Krankenhaus' ostracism by the scientific community reached its apogee when his article Metal Fatigue in Copper-Osmium Alloys - A New Perspective was rejected by the prestigious science journal Nature.

"They said that the methodology was as sloppy as a 60 year old hooker," says the Doctor, "But I think it had to do with the ideologically driven belief that multiple references to Paul's Epistle to the Thessalonians have no place in a paper on metallurgy.

"Fools! I'll destroy them all!" he thunders. "If God wills it," he adds.

After this incident and a long crap, Dr. Krankenhaus left MIT and joined the Intelligent Design movement's flagship body, the Discovery Institute, but relationship was doomed to be short lived.

"I was uncertain about Krankenhaus from the beginning," says one DI staffer who declined to be named. "His theory that secularism causes cancer seemed well founded. But after he tried to explain to me that the hidden message of the Book of Judges was that God wanted us to build a freeze ray and rob Fort Knox... well, I kind of avoided him after that.

"And don't even ask about his theories regarding the Book of Jonah and nuclear cyber-whales. Brrr."
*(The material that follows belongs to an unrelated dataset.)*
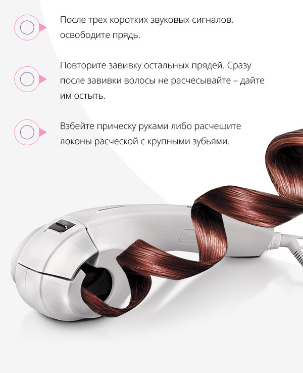 Я пыталась пользоваться обычной плойкой. Но для меня большой секрет как самой себе завить волосы. Очень неудобно. А в случае такой автоматической плойки моих двух рук вполне хватает. Локоны формируются красиво и легко. Звуковой сигнал говорит о том, что пора переходить к следующему локону.

It wasn't long before DI President Bruce Chapman kicked him out. "I went into his lab one day, and saw that he was on the verge of making a scientific breakthrough," says Chapman, "We do not stand for that kind of shit around here."

Alone and friendless, Krankenhaus turned his back on both the scientific and pseudoscientific establishments.

"Bah, fools! What do they know of Creation Science?" he says, laughing. "Mu hu hu ha ha ha ha! They will all rue the day they mocked me! When God answers my prayers and delivers into my hands some sort of unstoppable nucleotronic robotic juggernaut, they'll all be sorry. Very, very sorry!"

Our interview over all too soon, Krankenhaus returned to his lab to work and pray and continue a life devoted to a unique vision of Christian humility combined with overweening scientific hubris.

"When I have completed my faith-based reactor, I will be able to multiply the power of my prayers a millionfold!" he says by way of farewell. "I will become like unto a god!

"Er, but not actually a god," he concludes, looking nervously upwards.